More information about a

more informations

more informations about

some more information Pattern does not have wildcards at the beginning, matching strings must start with more information.

* information *

information

more information

information about

a lot more information on

informations

more informations about

some more informations

more info info is not a different grammatical of information, so it does not match.

naïve *

naive naive is an accent-normalized variant of naïve

naïvely naïvely is a different grammatical form of naïve

naive approach

Naively

naiive Accent normalization does not correct spelling errors.

{fnc}

of

for

clustering clustering is not a function word

{adj} {noun}

fast algorithm

factorization algorithm factorization is not an adjective

to {verb} a {noun}

to visit a hotel

to plan a vacation This string should also match the rule. It doesn't due to the limitation of Lingo3G word categorization algorithm. Lingo3G categorizes all occurrences of plan as a noun, regardless of the context of the word. In this case, the context implies plan is a verb, but Lingo3G does not take this into account.

+ information

too much information

more information

information + requires at least one word before information.
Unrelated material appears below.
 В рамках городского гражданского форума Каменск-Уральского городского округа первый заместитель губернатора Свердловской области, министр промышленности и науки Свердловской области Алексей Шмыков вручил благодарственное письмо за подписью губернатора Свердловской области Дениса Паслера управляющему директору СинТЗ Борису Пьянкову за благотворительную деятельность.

more information about about is an extra word not covered by the pattern.

"Information" *

Information

Information about

Information ABOUT

information The Information token is case-sensitive, it does not match information.

information about The Information token is case-sensitive, it does not match information.
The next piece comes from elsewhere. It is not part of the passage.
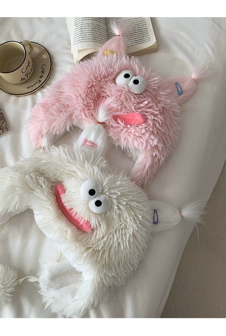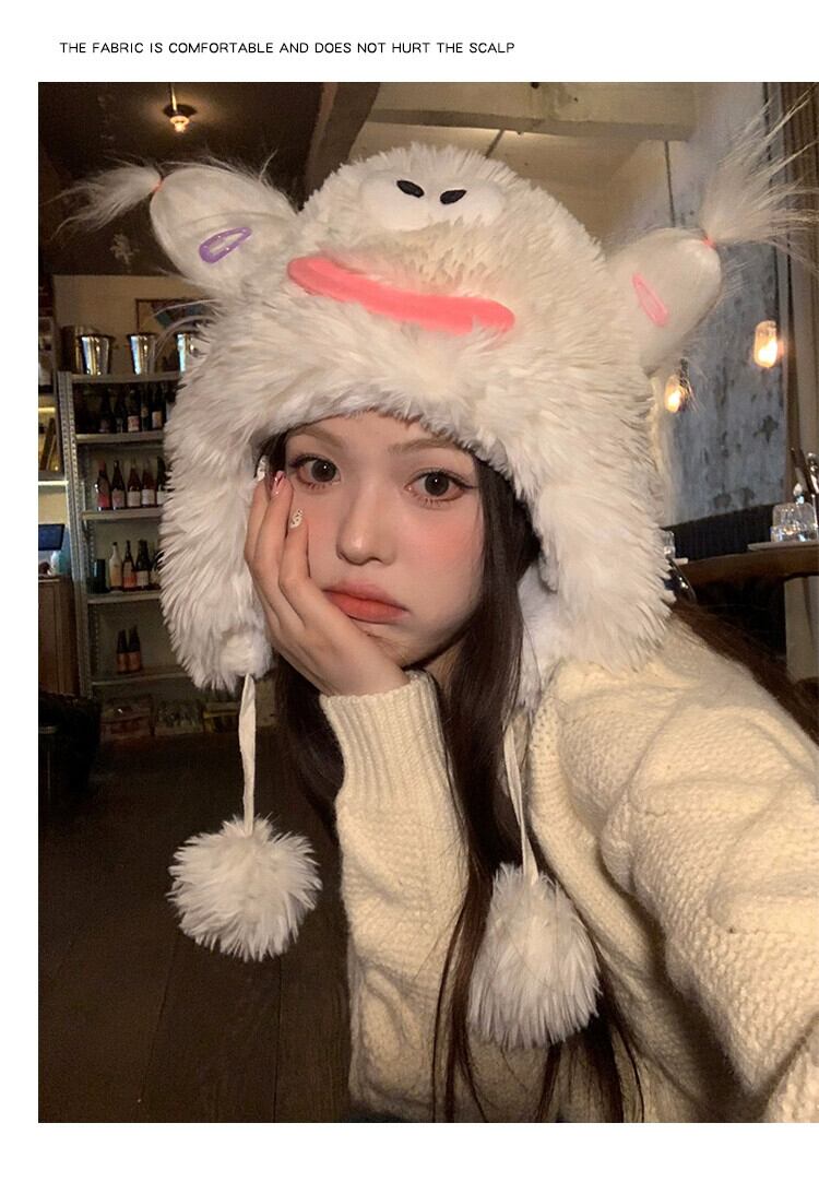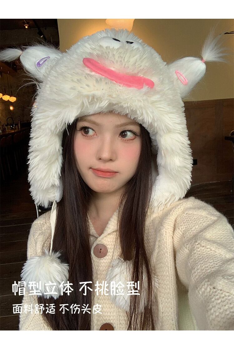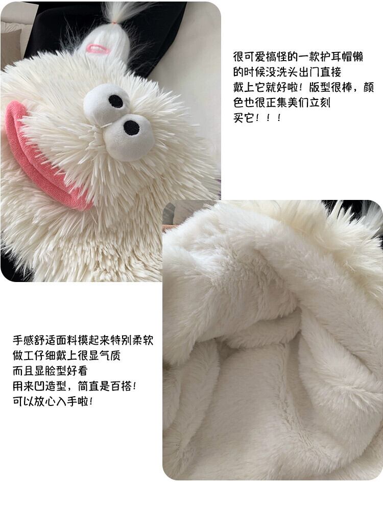 秋冬のリトルモンスターハット女性、毛皮で覆われた、面白くてかわいいニットぬいぐるみ帽子、暖かくて防寒性のある耳保護ウール帽子 大人ガーリー スウィート キュート カジュアル オータム 秋物 ウィンター 冬物 15dd14217207004

Informations about Normalization of grammatical forms does not apply to quoted tokens, so Informations does not match pattern token "Information".

data ?

data mining

data ? requires a word after data.

data mining research ? matches one word, so research does not match

"Programm*"

Programm*

Programmer Programm* token is taken literally, it matches only Programm*.

Programming Programm* token is taken literally, it matches only Programm*.

\"information\"

"information"

"INFOrmation" Escaped quotes are taken literally, so match is case-insensitive

information Escaped quotes not found in the string being matched.

"information Escaped quotes not found in the string being matched.

* protein protein *

This pattern will never match any input.

The reason for this is that * makes a possessive match, that is matches the maximum number of words until the next token in the pattern. Therefore, the first occurrence of the protein token in the pattern will correspond to the last occurrence of that word in the input label, leaving no content to match the second occurrence of protein in the pattern. As a result, there is no such sequence that can ever match this a pattern.

To match labels with a doubled occurrence of some word, use the reluctant variant of the wildcard.

*? protein protein *

protein protein

selective protein protein interaction

protein protein protein

protein Two occurrences of protein on input are required.

selective protein-protein interaction The "protein-protein" string counts as one token and it therefore does not match the two-token protein protein part of the pattern.

programm* Illegal pattern, combinations of the * wildcard and other characters are not supported.
"information Illegal pattern, unbalanced double quotes.
* Illegal pattern, there must be at least one non-wildcard token.

Regular expression matcher

The regular expression matcher checks words or labels against a list of regular expressions you provide.

{
  "regexp": [
    "Windows 9[58]",
    "(?)^[0-9]\\s*.*"
  ]
}

An example label dictionary with two regexp matcher entries.

The regular expressions must follow Java syntax. If any fragment of a label matches any regular expression in the dictionary, Lingo3G will apply the dictionary-specific action to the label.

Heads up, performance impact!

Regular expression-based matching is a powerful mechanism, but it can also result in a dramatic decrease of clustering performance. Therefore, use it only when a similar effect cannot be achieved by a reasonable number of exact and glob matching entries.